Mesajı Okuyun
Old 21-01-2021, 17:57   #5
Burak Atak

 
Varsayılan

Sayın meslektaşım,

Madde 669'un iki fıkrasını hem bir bütün hem de ayrı ayrı olarak ele almak gerekiyor. Üzerine makaleler yazılabilecek bir madde olduğu için çok detaya giremeyeceğim; ancak dikkatinizi çekmek istediğim bir iki husus var. Kısaca izah edeyim:

Birinci fıkrada, "...miras paylarına mahsuben elde ettikleri..." kazandırmalar denilmektedir. Demek ki her kazandırma değil, miras payına mahsuben aldıkları kazandırmalar denkleştirmeye tabidir.

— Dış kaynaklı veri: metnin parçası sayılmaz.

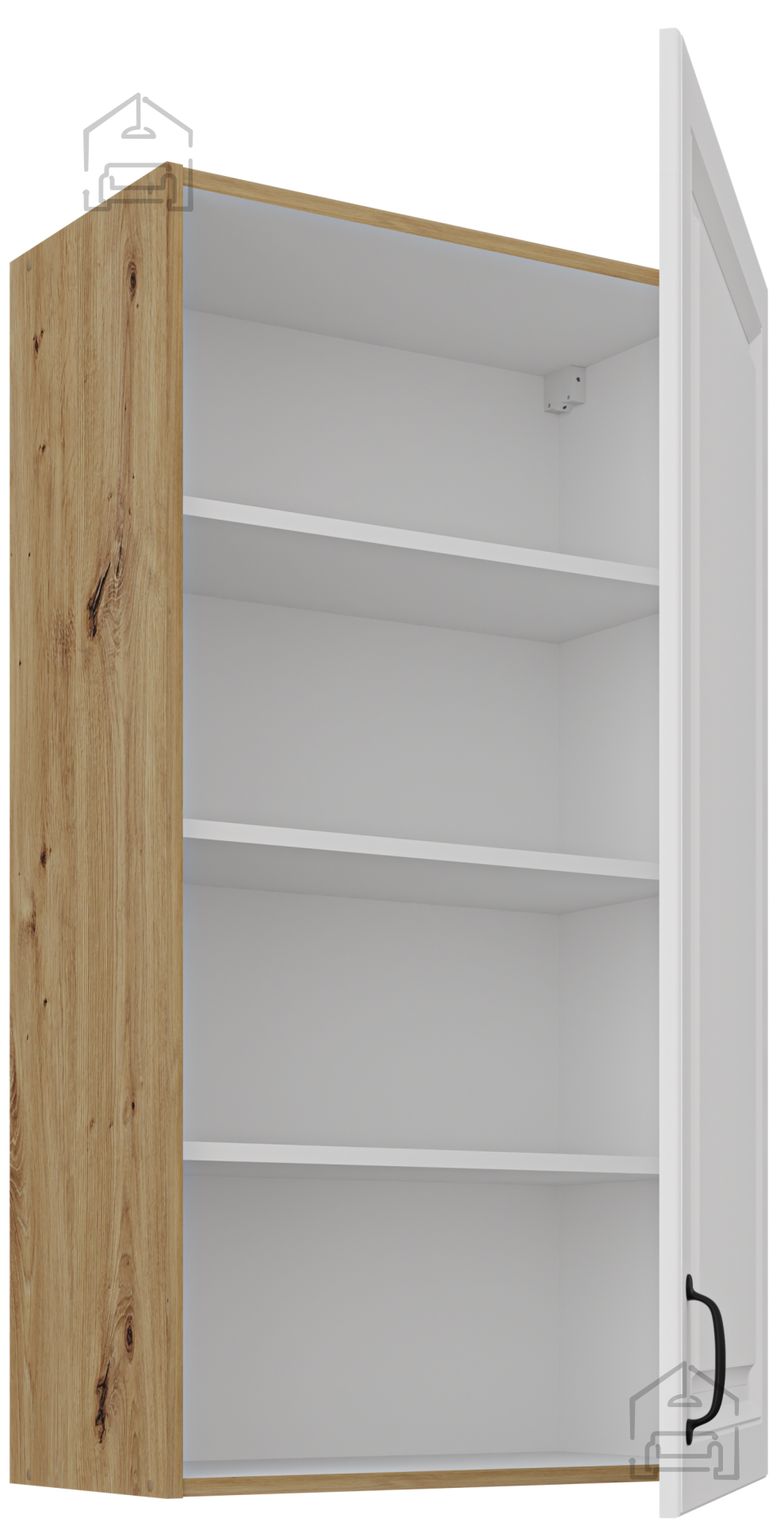 Popolna izbira za vse, ki cenijo eleganco, funkcionalnost in kakovostno izdelavo. Ta zgornja omara prinaša v vašo kuhinjo pridih sodobnega skandinavskega šarma, združenega z naravno toplino lesa. Kombinacija nežne bele barve in prefinjenega dekorja hrasta artisan ustvarja harmonično ravnovesje med svetlobo in teksturo, ki se popolnoma prilega tako modernim kot tudi klasičnim kuhinjskim prostorom. Zaradi premišljeno zasnovanih detajlov in kakovostnih materialov bo omara postala nepogrešljiv del vaše vsakodnevne rutine – lepa na pogled in izjemno praktična v uporabi.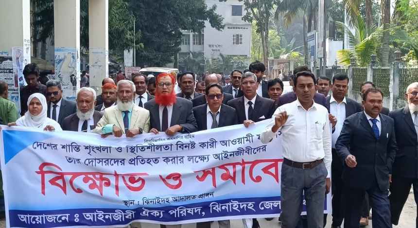 সারাদেশে চলমান নৈরাজ্য ও রাজনৈতিক অস্থিতিশীলতার প্রতিবাদে ঝিনাইদহে আইনজীবী ঐক্যপরিষদের উদ্যোগে বিক্ষোভ মিছিল ও সমাবেশ অনুষ্ঠিত হয়েছে। বুধবার সকাল সাড়ে ১০টার দিকে জেলা আইনজীবী সমিতির কার্যালয়ের সামনে থেকে এ কর্মসূচি শুরু হয়।

İkinci fıkrada ise, "... bir malvarlığını devretmek ... gibi karşılık almaksızın ALTSOYUNA yapmış olduğu kazandırmalar..." ve "mirasbırakan tarafından açıkça belirtilmiş olmadıkça..." demektedir.

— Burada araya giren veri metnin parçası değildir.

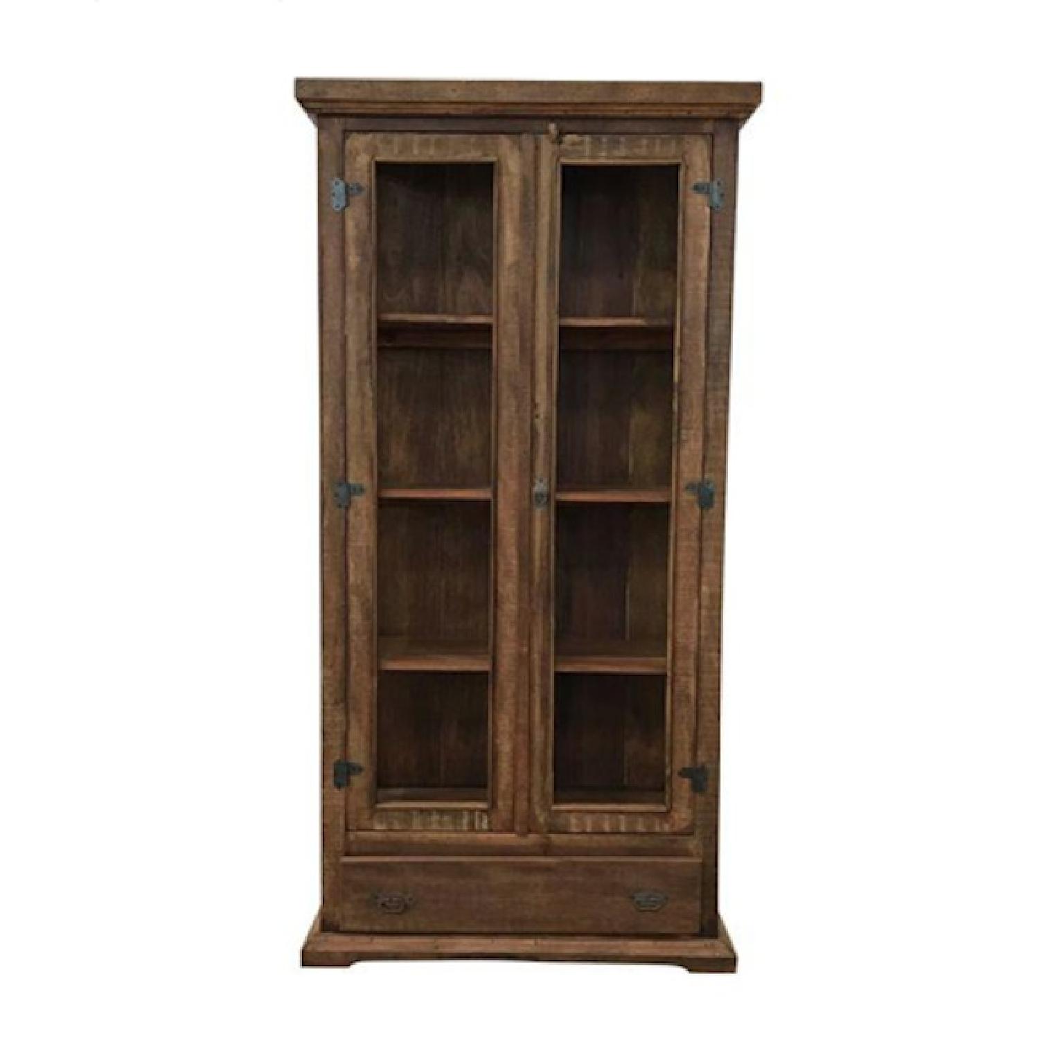 Seller's Notes:Time to show off your treasures!! This handmade Vitrine/Display Cabinet features two glass doors, four shelves, a wide bottom drawer and a finish with black rivets and simple ring pulls. Reclaimed wood includes distinctive nicks, imperfections, and nail marks, proving the authenticity and singularity of all of our antiques. Our reclaimed peroba wood antiques were weathered and aged naturally over time, making each piece unique and special. Our furniture is always properly treated, followed by a lengthy hand-waxing process for a long-lasting fine finish. 100% reclaimed peroba wood, over 100 years old. Handmade. Eco-friendly. Natural beeswax finish. Expect unique variations because no piece is alike. Dimensions: 40” W x 14.7” D 78.5” H Ref: STP-LA-26 Lead time: 4-8 weeks Shipping included.

Sonuç olarak, altsoyun denkleştirme konusunda durumunun ağırlaştırıldığını görmekteyiz. Zira diğer mirasçılarda denkleştirme için miras payına mahsuben verildiğinin ortaya konulması gerekirken altsoy için miras bırakanın bu kazandırmayı miras payına mahsuben yapmadığını açıkça belirtmesi gerekmektedir.

Sorunuza gelirsek, davalının savunması, paranın kayıtsız şartsız verildiği yönünden yetersizdir. Zira paranın kayıtsız şartsız verilmesi demek bunun bildiğimiz anlamda bağışlama olduğunu kabul etmekten başka bir şey değildir. Ancak "minnet duygusuyla" verildiği yönündeki savunması gerçekten işe yarar bir savunmadır. Zira minnet duygusuyla para vermek, o kişinin hiçbir zaman üzerinde hak iddia edemeyeceği bir paranın o kişiye verilerek onun ödüllendirilmesidir. Bu nedenle minnet duygusuyla verilen paranın miras payına mahsuben verilmeyeceği, çünkü bu durumda o kişi lehine bir durum yaratılmayacağı açıktır. Oysa miras bırakan minnet içindeyse, o parayı diğer kişinin lehine bir durum yaratmak için vermiş demektir. Bu nedenle, davalının minnet savunması davanın seyrini değiştirecek bir savunmadır.

Ek olarak, kanunda "açıkça" ibaresi "yazılı" olarak anlaşılmamalıdır. Açıkça demek, tereddüde yer bırakılmayacak şekilde demektir. Miras bırakan özgür iradesiyle bunu söylemişse açıkça koşulu gerçekleşmiştir. Olayımızda, senetle ispat yasağı da bulunmadığı için davalı, her türlü delille savunmasını ispatlayabilecektir. Davalı vekili olsaydım, öncelikle miras bırakanda minnet duygusu oluşmasını gerektirecek vakıaları ispatlar, daha sonra da paranın bu duyguyla verildiğini ispatlamaya çalışırdım.

Cumhur Bey'in ifade ettiklerine büyük oranda katılmakla beraber, sadece minnet duygusunun ispatlanmasının kâfi olduğu şeklindeki kısma katılmıyorum. Bence her ne kadar davanın %90'ı minnet duygusu oluşturacak vakıaların ispatlanmasıysa da paranın bu duyguyla verildiğinin de yeterli bir şekilde ortaya konulması gerektiğini düşünüyorum.